In 2016, I created my first ecommerce store and had my first interaction with web analysis. By searching how to bring more users to my website, I got to know the ins and outs of Pay-Per-Click (PPC) advertising, and I became a Google Partner specialist on it. So, I founded the Bloco-b that started providing PPC services and web analysis all over Brazil. Since 2019, I have been studying Data Analytics and Data Science, doing projects related to my background experiences. Now I’m seeking to make the web a better place with machine learning creative finds.
Personal Projects
I’m always looking to bring some value to online businesses somehow. For that reason, my projects are related to website data, predictions, or insights. The projects are the following:
Organic Traffic and Conversions Predictions w/ FB Prophet & SEO Advices
I was asked about approaches to predict the following year’s monthly organic traffic and conversions, considering the growth through time and seasonalities, and presenting the results for the following 12 months.
I fitted FacebookProphet model with monthly data and created interactive graphs with Plotly.
Using a native functionality for time series Cross Validation I achieved:
Organic Traffic - MSE for 30 days: 0.88 and for 303 days: 1.62
Conversion - MSE for 30 days: 1.10 and for 303 days: 2.04
I also presented a few simple pieces of advice for the SEO team, using the data provided and basic sorting features using Python to optimize the marketing content efforts looking to conversion rates.
I tested four different algorithms to label search queries based on the user’s online behavior to help online businesses reduce costs in their campaigns.
The four different clusters were: K Means, Spectral Clustering, Agglomerative Clustering, Gaussian Mixture.
Specified the number of clusters using Silhouette Score for each clustering algorithm.
All algorithms showed promising results, but the most important was finding the most meaningful cluster. We choose the Gaussian Mixture for some reasons detailed in section 9 - The Best Choice.
Sentiment Analyse + Deep Learn - Amazon Shopping App Reviews
I Scraped over 3,000 reviews from Google Play Store and App Store using APIs
I Built a pipeline that uses Text Preprocessing to bring the reviews to a form that is predictable and analyzable for the Neural Network.
I also built a sentiment analysis using Keras modules Model , Dense, LSTMand Embedding.
In the end, I built a function that applies the pipeline for text preprocessing, classifies a comment with the model, and tells us if the comment is Positive, Negativeor Neutral.
The result reached by my model in the test data set was - Loss 0.60 - Accuracy 0.74 - Prediction 0.75 - Recall 0.73 - F1-Score 074.
Google Analytics API - Ecommerce - Exploratory Data Analysis
I built an Exploratory Data Analysis to get different insights about each traffic medium of eCommerce.
The data was extracted using the Google Analytics API and split based on the traffic medium of the website.

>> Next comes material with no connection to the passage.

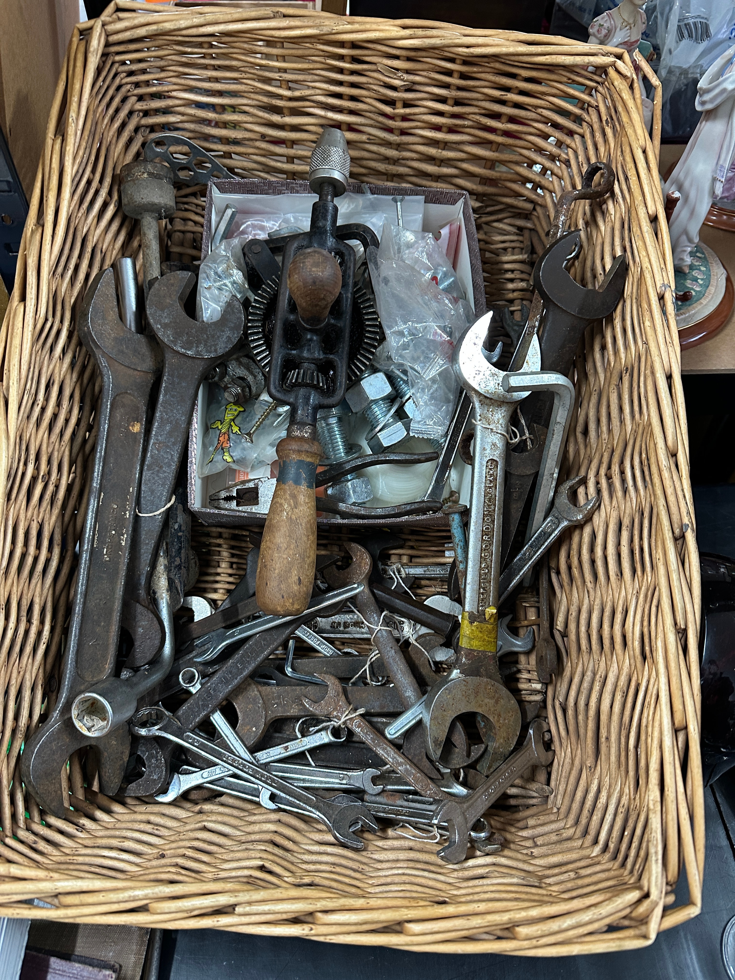 A large, rectangular natural woven wicker basket containing a varied assortment of hand tools and loose fasteners. The tools, primarily composed of steel and wood, include numerous open-ended, box-end, and combination wrenches of various sizes, an older hand drill with wooden handles, and several hexagon wrenches. Visible markings on some wrenches include “DROP FORGED”, while another tool bears the text “SHEFFIELD GORDON”. Within the basket, a smaller cardboard box holds modern nuts, bolts, and screws, some packaged in clear plastic bags.

Google Analytics API.
With the analysis, we can recognize patterns and differences between the traffic mediums.
Also, I found a hypothesis to be tested. That Android users, who are New Visitors, are having problems with the page loading speed and mobile usability of the site raising the website’s Bounce Rate.
A Kaggle user recently commented on the project, and the code needs adjustments.
Google Analytics-API - Ecommerce - Binary Classification - Transactions Predictor
I Tested 42 different methods to predicate the transaction, tune the best method and plot the decision tree
I built four functions to split the dfs in train and test. Raw split, without zeros (without bounce rate), outliers, and zeros and outliers.
Also, I built three functions for the Resampling Strategies. Random Under Sample, Random Over Sample, and Tomek Links.
Then, the primary function was built, which tested all those variations into three different classification algorithms: DecisionTreeClassifier, RandomForestClassifier, Extreme Gradient Boosting.
I Used Hyperopt to tune the best model of each traffic medium and plot the feature importance and the best decision tree.
That was my first project. I learned a lot more so far, and now I regret many things, haha.